Eddie Marsh, Winston Churchill‘s Private Secretary, offering advice to the then Under-Secretary of State for the Colonies, said: “We should kiss America on both cheeks”; to which Churchill replied, “Yes, but not on all four”. I’m indebted to Boris Johnson for that quote, which you’ll find 19 minutes and 14 seconds into this video …
It would be very interesting to know what the British public made of Barack Obama‘s speech alongside David Cameron at No. 10 yesterday, doing everything he could to encourage the UK to vote in favour of staying in the EU.
The trouble is, the British people tend to react against being told what to do, whether by their own government or even more so by foreigners. Obama’s tone was gentle, not hectoring. He spoke in the guise of a friend, merely offering advice, notwithstanding the veiled threat that the UK would find itself at the back of the queue for trade deals with the USA if it went it alone. He has an easy manner, persuasive, analytical, with a breathtaking grasp of the geo-political landscape worldwide – and a winning smile.
But, as a Lefty who’s very much in favour of retaining EU membership – primarily because of our cavalier attitude to human rights, rather than the financial benefits which are the only meaty items on the EU menu as far as the media are concerned – it worried me a bit to see “David” sucking up to “Barack” in a way that might well have prompted another terse witticism from Churchill, were he still with us.
I’m not a great fan of Boris, but he’s such a wily campaigner, highly knowledgeable and a great communicator. He doesn’t really do gravitas, of course; but that’s a commodity that went out of fashion years ago, another casualty of the cultural revolution in the Sixties. Harold Macmillan and Harold Wilson did their best to resurrect the Churchillian style of oratory; but after Wilson’s infamous “Pound In Your Pocket” speech fell as flat as a pancake, subsequent leaders have tended to adopt a more relaxed approach – with the notable exception, perhaps, of Thatcher‘s successes with her Iron Lady persona.

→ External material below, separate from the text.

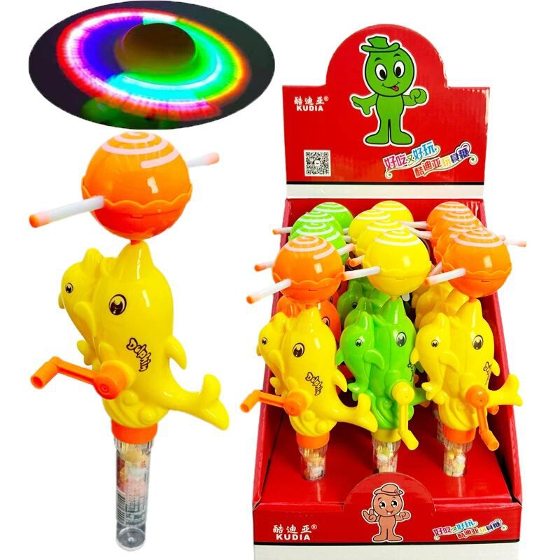 子供用のキャンディーのおもちゃは赤ちゃんをあやします。かわいいイルカの形は手を振って回転します。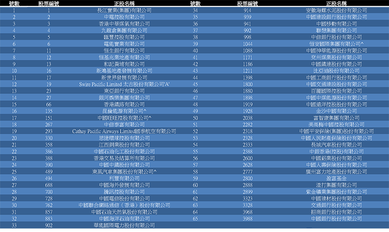 資料來源:香港交易所。該名單會不時更新。請瀏覽香港交易所最新名單。參考網頁:https://www.hkex.com.hk/chi/prod/drprod/so/classlist_so_c.htm

Every now and again, politicians with real charisma bubble up to the surface. The “surface”, of course, is that cultural ocean we all nowadays swim in, called the media – broadcast, social and print. As time goes on, it appears that charisma is becoming more and more significant as a political weapon. Logic, analysis and basic communication skills can still hit the mark. But that magical ability to use the media to inspire and engender devotion can torpedo all purely rational approaches.
So if by chance (and I for one fervently pray it doesn’t happen), Boris Johnson runs for the post of Prime Minister after leading us out of the EU’s back door, he may well find that charisma will carry him through to the winning line.
Churchill’s greatest personal quality was perhaps his ability to translate his charisma – of which gravitas was a key constituent part – into the arena of global influence and world politics.
Whether a Johnson-led government of a Britain operating in splendid isolation could command such respect on the world stage is highly debateable, in my view. And after the British public made their feelings towards one particular candidate for President of the United States very clear recently, we must all surely doubt whether charisma alone could be a Trump card in what would have become a rather “unspecial relationship”.